Worldwide, the United States is known as the home of laissez-faire. But at the home front the country is being suffocated by excessive and badly-written laws. The list of business regulations in America is endless:  Dodd-Frank law of 2010, Sarbanes-Oxley Act, Clean Air Act and Patient Protection and Affordable Care Act (otherwise known as Obamacare), among others (Gattuso & Katz, 2013).


The problem here is that, while the rules may sound reasonable on their own, they do impose huge burden collectively on American businesses. Ideally, unlike the Europeans whose lives have long been circumscribed by meddling governments and politicians from Brussels, America is meant to be the home of laissez-faire where people are free to make their own choices, whether those choices are good or bad.  From ever indication, America appeared to have strayed from this ideal within the last decade (The Economist, 2012).
For instance, the aim of the Dodd-Frank law of 2010 is to prevent another financial crisis – a noble goal. While the strategy for implementing this law is simple, it contain 848 pages (covering such issues as improving transparency, stopping banks from taking excessive risks, and putting an end to “too big to fail” syndrome by authorizing regulators to seize any big, tottering financial firm and wind it down) and hence is about 23 times longer than the  Glass-Steagall , the reform that followed the Wall Street Crash of 1929. This makes it too  complex  to understand and explained why those few people who have read it struggle to make sense of it. Consider the “Volker rule”, which is one bit of it that is aimed at curbing risky proprietary trading by banks. Its 383 questions that breakdown into  an additional 1420 sub-questions means that the financial firms in America  struggle to comply with a law that is partly unintelligible and partly cumbersome(Public Law, n.d.; Markovich, 2013). 


Too Complex for Comfort
The fact that the government of the two ruling parties in America had kept adding stacks of rules, most of which are retained, means that Dodd-Frank is merely one part of a wider trend. Broadly speaking, while the Democrats make rules to expand the welfare states, the rules written by the Republicans to thwart terrorists has made flying to America an uphill task and, as a result, have prompted legions of brainy migrants to choose Canada and Western Europe instead.  Barack Obama’s healthcare reform of 2010 also illustrates the regulatory perils facing companies in America. As a practical matter, the healthcare law does little to reduce the system’s staggering and increasing complexity even though it has many virtues, especially given that it attempts to make health insurance universal in America. Going by the provisions of the healthcare law, every hour spent in treating a patient in America will require at least 30 minute to one hour of paperwork. And by the end of 2013, the hospitals in the country faced news rules which increased the number of federally mandated categories of illness and injury for which they may claim reimbursement from 18,000 to 140,000(Anderson, 2014; The Economist, 2012).

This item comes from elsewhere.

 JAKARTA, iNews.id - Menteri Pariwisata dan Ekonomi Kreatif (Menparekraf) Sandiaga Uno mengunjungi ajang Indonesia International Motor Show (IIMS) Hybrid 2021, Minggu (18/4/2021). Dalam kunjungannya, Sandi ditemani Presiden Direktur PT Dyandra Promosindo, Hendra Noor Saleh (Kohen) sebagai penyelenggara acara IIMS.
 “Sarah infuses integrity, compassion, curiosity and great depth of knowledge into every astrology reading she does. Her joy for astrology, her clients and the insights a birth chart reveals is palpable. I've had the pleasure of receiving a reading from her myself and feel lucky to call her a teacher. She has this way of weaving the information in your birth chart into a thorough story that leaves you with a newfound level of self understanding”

The American laws are too complex for two main reasons. First, the lawmakers are extremely proud and they believe that they can govern every eventuality with laws and regulations. This important fact may be clarified by some their laws that are both delusional(for example the Dodd-Frank law with which they believe can help them anticipate and ban every nasty tricks which financial institutions will dream up in the future) and annoying(such as the once proposed Colorado law that specifies how many crayons each box of crayon must contain). The bottom line here is that when rules become too complex,  they seldom prevent abuses. Instead, they create loopholes which the shrewd and the unscrupulous can abuse with impunity(The Economist, 2012). 


American laws are also complicated due to the activities of the lobbyers.  In a broader sense, when a government like America strives to micromanage so many activities, they, unfortunately, creates huge incentives for lobby groups to push for special favors. Hence, it is not hard for  the politicians at Washington to slip in clauses that benefit their campaign donors and friends when a bill is hundreds of pages long. It is thus not surprising that Obama’s healthcare law and the Congress’ bill to regulate greenhouse gases included ton of favors for the pushy(The Economist, 2013). 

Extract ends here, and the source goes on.